== Your assignment ==
Produce a verbatim copy of the data below that contains no pictures.

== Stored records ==
══════════
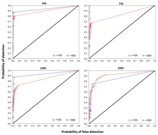 Figure 9 shows the ROCD diagrams for each of the two threshold sampling data cases considered, for different times in the forecast horizon period. Like the BS index, this statistical evaluation of the quality of ensemble forecasts also focuses on the occurrence of discrete events, corresponding to the exceedance of the defined thresholds. As is shown in Figure 9, all the data points in the four graphs are located below 0.3 (on the abscissa axis), which means that the number of forecasted events above the pre-defined thresholds that were not effectively observed is small, i.e., that the probability of occurrence of false alarms in the analyzed forecasts is generally very low. However, according to Figure 9, probability of occurrence increases with the increase in the forecast time horizon and the order number of the ensemble members, which is also related to the ensemble’s forecasted range of values. Regarding the probability of detection of the magnitude of pre-established events, it does not change significantly with the time over forecast horizon, but it increases significantly with the rise in the order number of the ensemble members. According to the diagrams shown in Figure 9, the upper members of the ensemble forecasts present a probability of detection of the predefined events (occurrences above the established thresholds) above 70% and a probability of detecting false events below 30%.
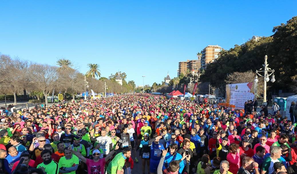 Miles de atletas tomaron la salida desde la Alameda a partir de las 9:30h para disfrutar de un circuito rápido y llano tras la salida de Chimo Bayo a ritmo de su clásico ¡Hu-Ha!.
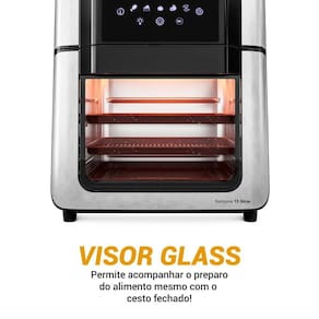 Frita com pouquíssimo ou nenhum óleo; 2 em 1: Fritadeira e forno; Seletor de temperatura de 80 a 200C; Timer de 90 minutos; Capacidade do cesto 5,5L; Capacidade total 15L; Função Desidratar com tempo e temperatura ajustável; Painel Digital com 10 funções pré-programadas; Acabamento em inox; Base antiderrapante; Proteção contra superaquecimento; Luz Interna; Porta Removível.Porta-fio
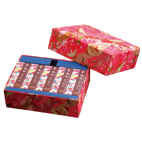 とろろ懐石料理店「浅草むぎとろ」の本店懐石料理の人気デザートから生まれた珈琲ようかんはすっきりと上品な甘さ。かわいい着物地の文庫箱に入れてお届け致します。
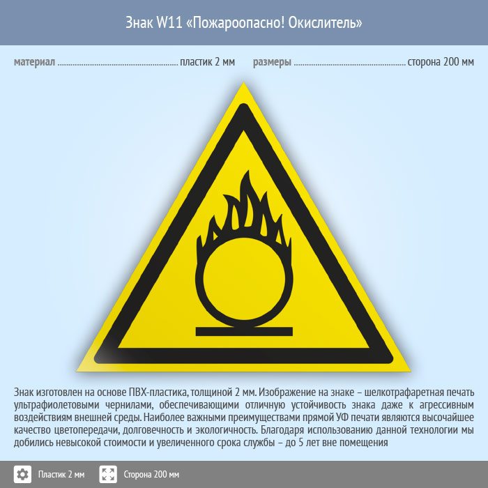 Знак W11 «Пожароопасно! окислитель» (пластик, сторона 200 мм) в Ульяновске купить
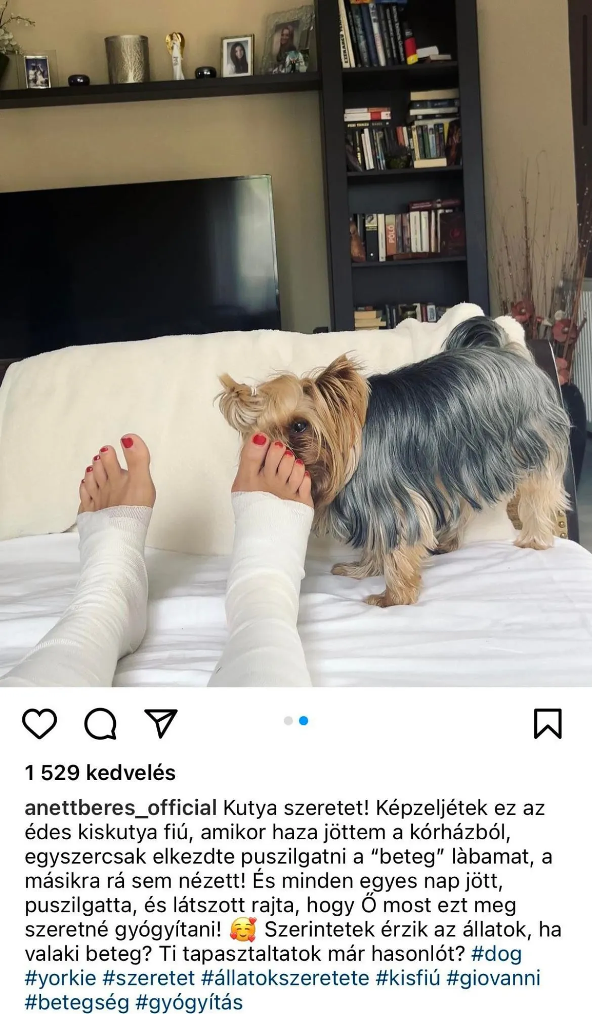 Ő nem más, mint Anett kiskutyája, aki a kórházból hazaérkezés óta próbálja gyógyítani. Instagram bejegyzésében elmesélte, hogy a "beteg" lábát minden nap puszilgatja.
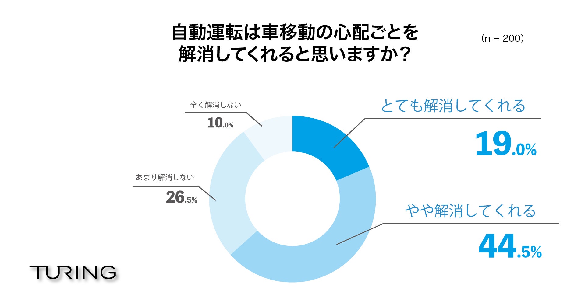 自動運転は車移動の心配ごとを解消してくれると思うか尋ねたところ、「とても解消する」「やや解消する」が合わせて63.5%と、6割以上が自動運転は心配ごと解消に繋がると思っていることがわかりました(n=200)。
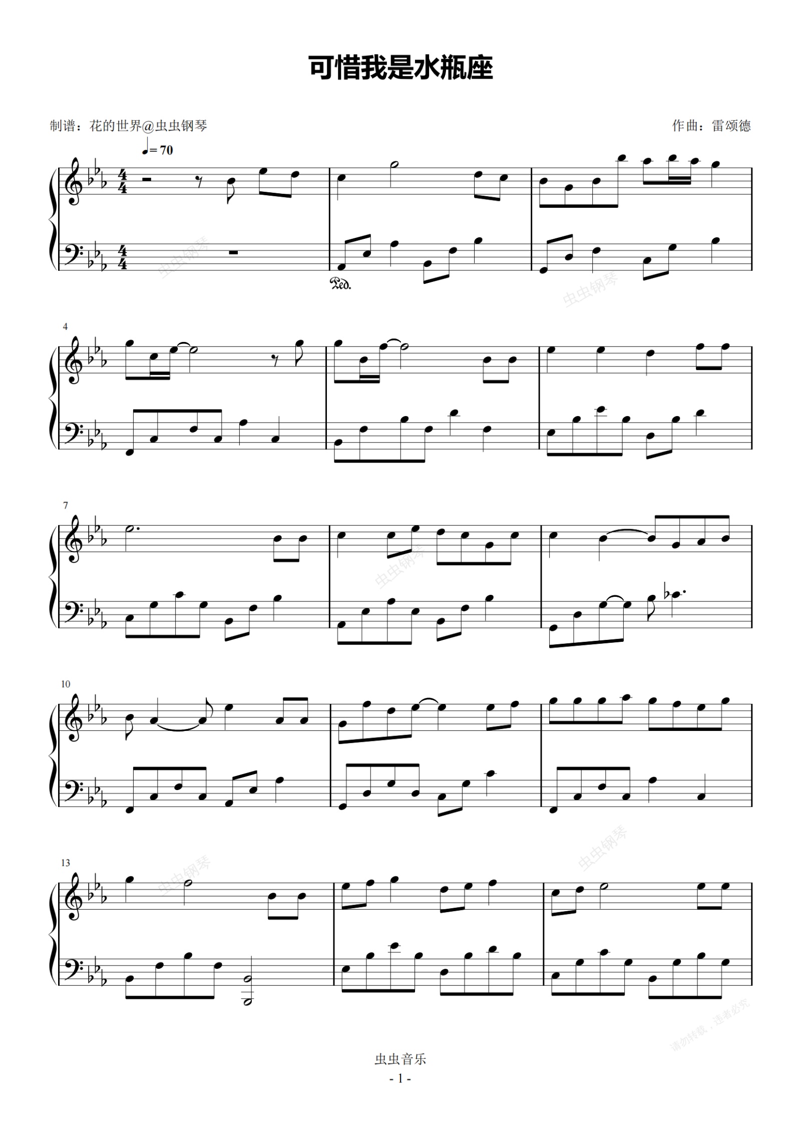 钢琴谱:可惜我是水瓶座 原调简易版 杨千嬅
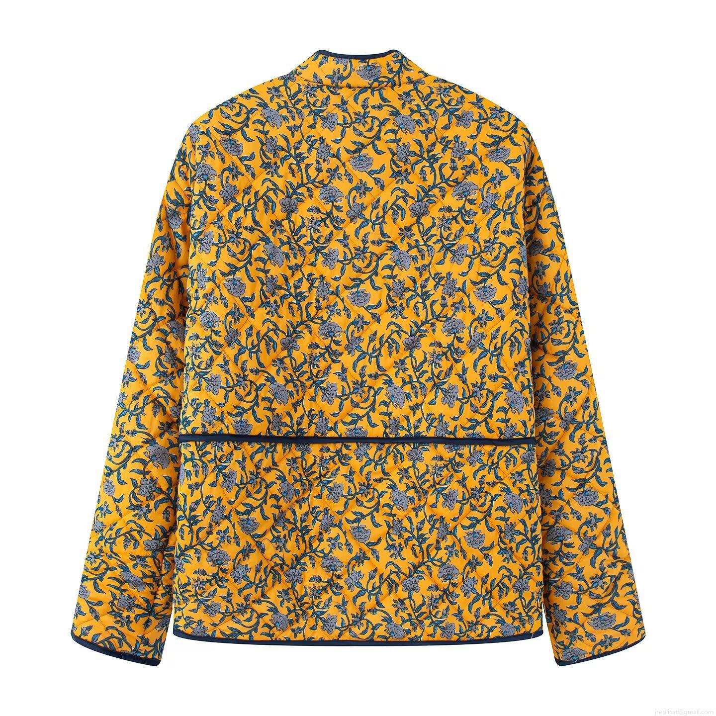 Women's Ethnic Floral Print Quilted Padded Jacket Vintage Stand Collar Long Sleeve Warm Outerwear Coat For Winter Daily Travel Comfortable Polyester Cotton Fill Lightweight Jacket For Ladies
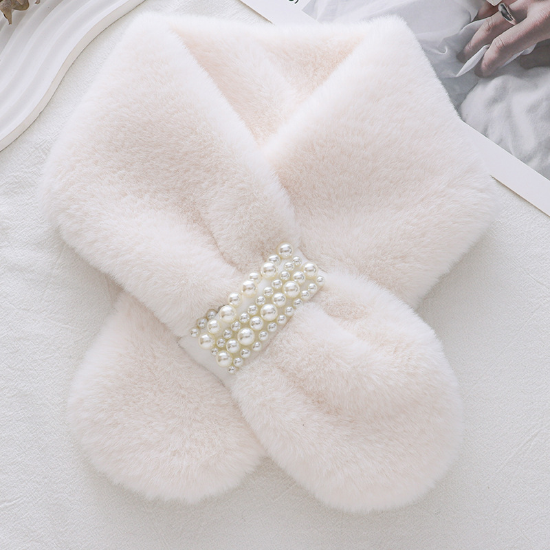 珍珠围巾冬季仿獭毛围巾女时尚百搭韩版可爱毛毛加厚保暖交叉围脖
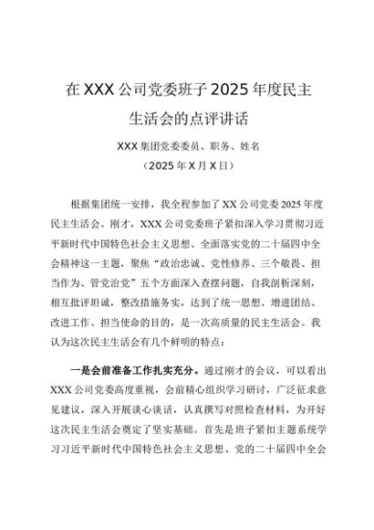 / 党建原创:2026-0002 在XXX公司党委班子2025年度民主生活会的点评讲话
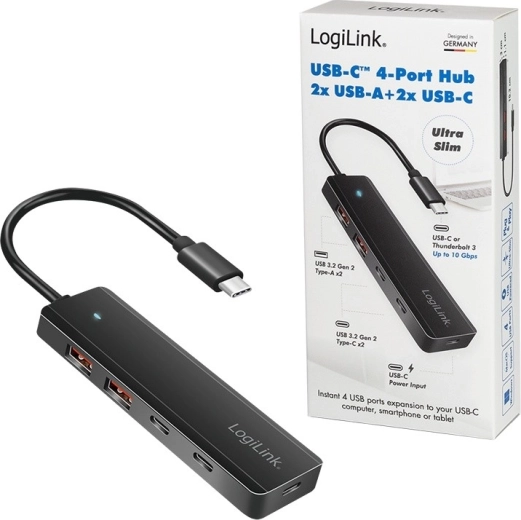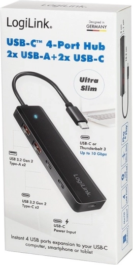Udvid én USB‑C‑port til fire med denne ultratynde hub – 2× USB 3.2 Gen 2 Type‑A og 2× USB 3.2 Gen 2 Type‑C. Den tilbyder hurtig dataoverførsel op til 10 Gb/s, omfattende beskyttelse mod overbelastning, overspænding og kortslutning samt bred kompatibilitet med Windows, macOS, iOS, ChromeOS, Android og Linux. Ideel til bærbare og tablets takket være det kompakte og lette design.
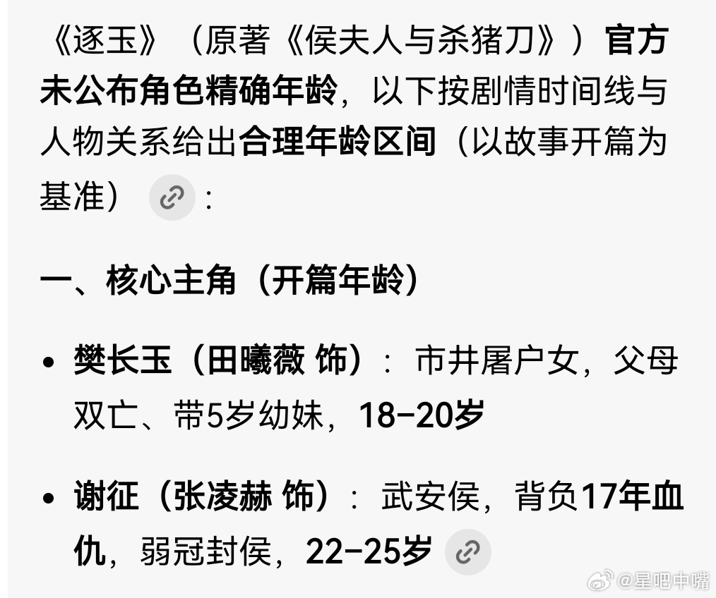 逐玉《逐玉》人物年龄
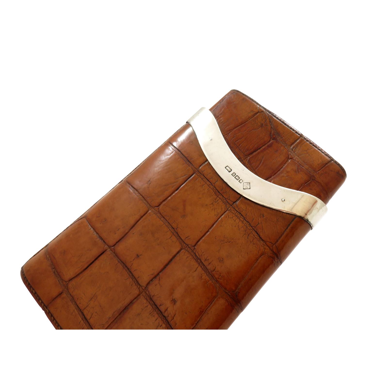 Antique Edwardian Sterling Silver & Crocodile Leather Cigar Case 1905
══════════
== Output of the task ==
 Figure 9 shows the ROCD diagrams for each of the two threshold sampling data cases considered, for different times in the forecast horizon period. Like the BS index, this statistical evaluation of the quality of ensemble forecasts also focuses on the occurrence of discrete events, corresponding to the exceedance of the defined thresholds. As is shown in Figure 9, all the data points in the four graphs are located below 0.3 (on the abscissa axis), which means that the number of forecasted events above the pre-defined thresholds that were not effectively observed is small, i.e., that the probability of occurrence of false alarms in the analyzed forecasts is generally very low. However, according to Figure 9, probability of occurrence increases with the increase in the forecast time horizon and the order number of the ensemble members, which is also related to the ensemble’s forecasted range of values. Regarding the probability of detection of the magnitude of pre-established events, it does not change significantly with the time over forecast horizon, but it increases significantly with the rise in the order number of the ensemble members. According to the diagrams shown in Figure 9, the upper members of the ensemble forecasts present a probability of detection of the predefined events (occurrences above the established thresholds) above 70% and a probability of detecting false events below 30%.
 Miles de atletas tomaron la salida desde la Alameda a partir de las 9:30h para disfrutar de un circuito rápido y llano tras la salida de Chimo Bayo a ritmo de su clásico ¡Hu-Ha!.
 Frita com pouquíssimo ou nenhum óleo; 2 em 1: Fritadeira e forno; Seletor de temperatura de 80 a 200C; Timer de 90 minutos; Capacidade do cesto 5,5L; Capacidade total 15L; Função Desidratar com tempo e temperatura ajustável; Painel Digital com 10 funções pré-programadas; Acabamento em inox; Base antiderrapante; Proteção contra superaquecimento; Luz Interna; Porta Removível.Porta-fio
 とろろ懐石料理店「浅草むぎとろ」の本店懐石料理の人気デザートから生まれた珈琲ようかんはすっきりと上品な甘さ。かわいい着物地の文庫箱に入れてお届け致します。
 Знак W11 «Пожароопасно! окислитель» (пластик, сторона 200 мм) в Ульяновске купить
 Ő nem más, mint Anett kiskutyája, aki a kórházból hazaérkezés óta próbálja gyógyítani. Instagram bejegyzésében elmesélte, hogy a "beteg" lábát minden nap puszilgatja.
 自動運転は車移動の心配ごとを解消してくれると思うか尋ねたところ、「とても解消する」「やや解消する」が合わせて63.5%と、6割以上が自動運転は心配ごと解消に繋がると思っていることがわかりました(n=200)。
 钢琴谱:可惜我是水瓶座 原调简易版 杨千嬅
 Women's Ethnic Floral Print Quilted Padded Jacket Vintage Stand Collar Long Sleeve Warm Outerwear Coat For Winter Daily Travel Comfortable Polyester Cotton Fill Lightweight Jacket For Ladies
 珍珠围巾冬季仿獭毛围巾女时尚百搭韩版可爱毛毛加厚保暖交叉围脖
 / 党建原创:2026-0002 在XXX公司党委班子2025年度民主生活会的点评讲话
Udvid én USB‑C‑port til fire med denne ultratynde hub – 2× USB 3.2 Gen 2 Type‑A og 2× USB 3.2 Gen 2 Type‑C. Den tilbyder hurtig dataoverførsel op til 10 Gb/s, omfattende beskyttelse mod overbelastning, overspænding og kortslutning samt bred kompatibilitet med Windows, macOS, iOS, ChromeOS, Android og Linux. Ideel til bærbare og tablets takket være det kompakte og lette design.
 逐玉《逐玉》人物年龄
 Antique Edwardian Sterling Silver & Crocodile Leather Cigar Case 1905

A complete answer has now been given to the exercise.